■ Exercise:
Write the data out again exactly, with no pictures.

■ Raw data:
------------

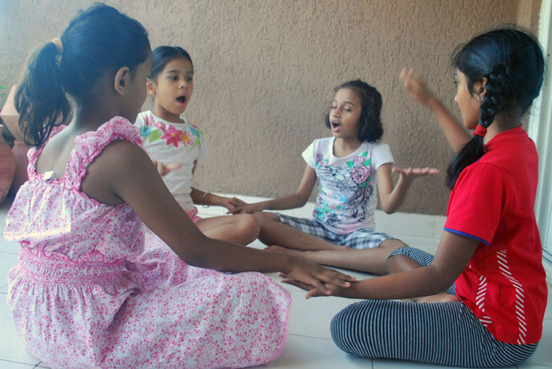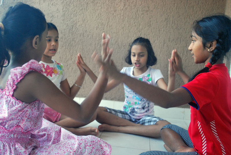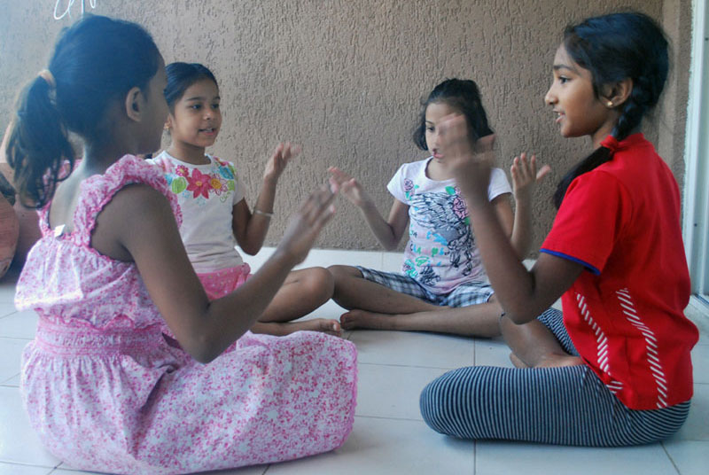 The players sit facing each other while reciting the song. They clap their hands in a particular fashion to match the rhythm of the song.
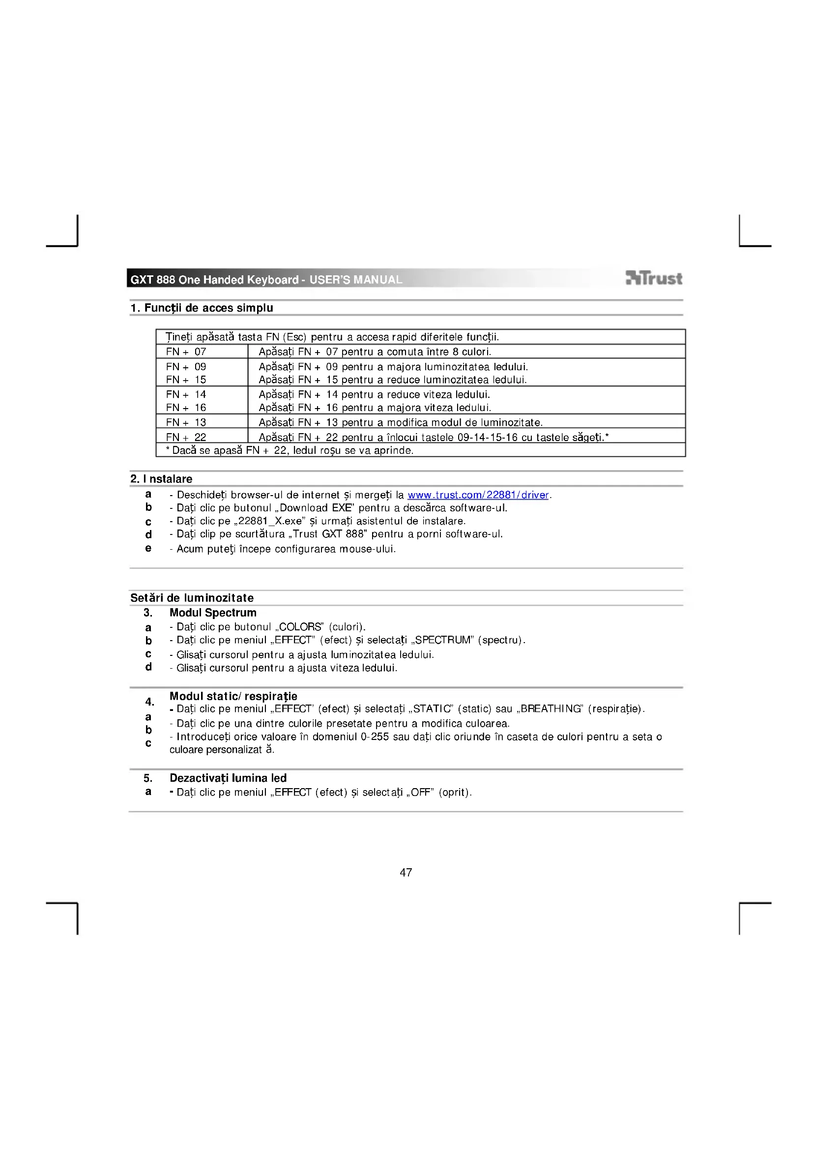 Assa GXT 888 - Tastatură TRUST - Manual de utilizare gratuit
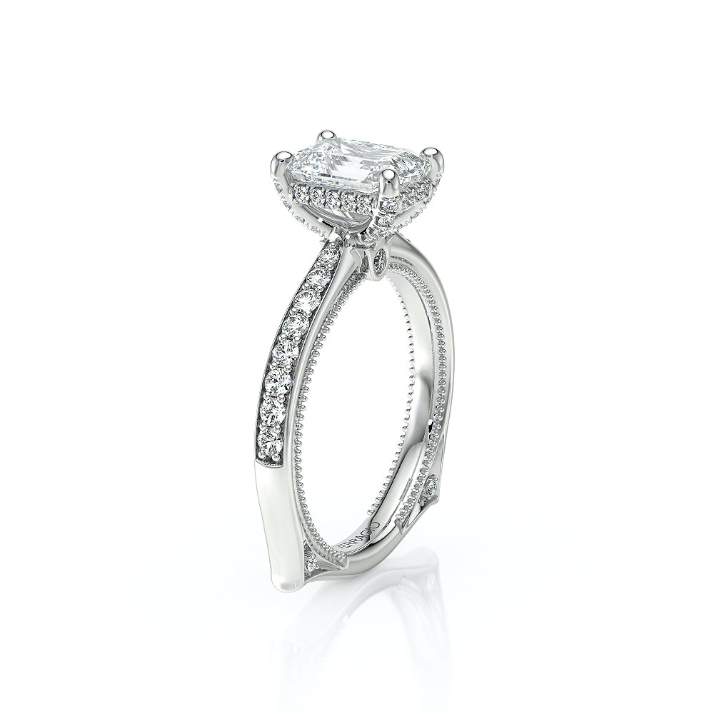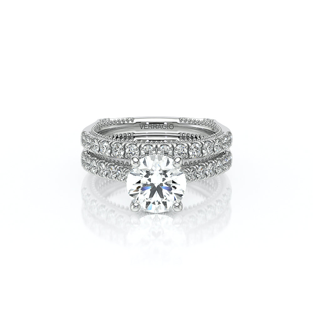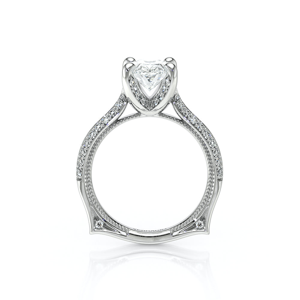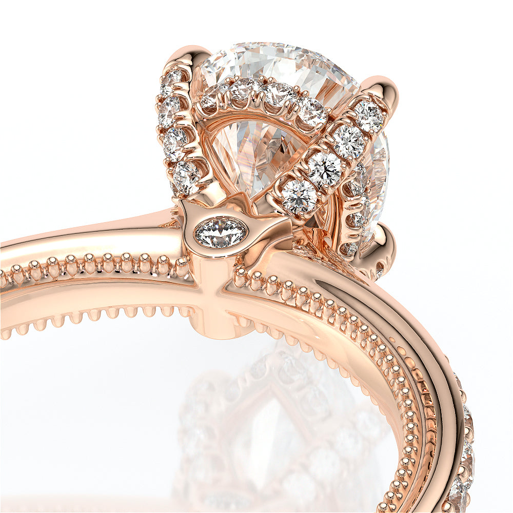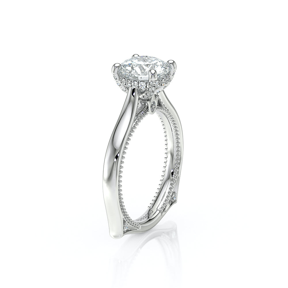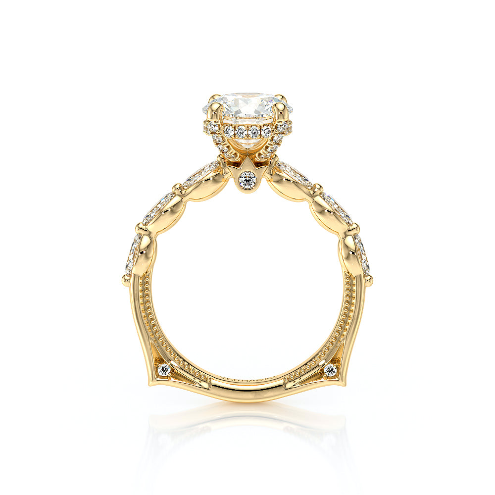 The VNG-2204P highlights a knife-edge shank with round stones, Verragio beading on the side profile, and diamond-accented prongs that enhance the overall aesthetic.

------------

■ Solution for this task:
 The players sit facing each other while reciting the song. They clap their hands in a particular fashion to match the rhythm of the song.
 Assa GXT 888 - Tastatură TRUST - Manual de utilizare gratuit
 The VNG-2204P highlights a knife-edge shank with round stones, Verragio beading on the side profile, and diamond-accented prongs that enhance the overall aesthetic.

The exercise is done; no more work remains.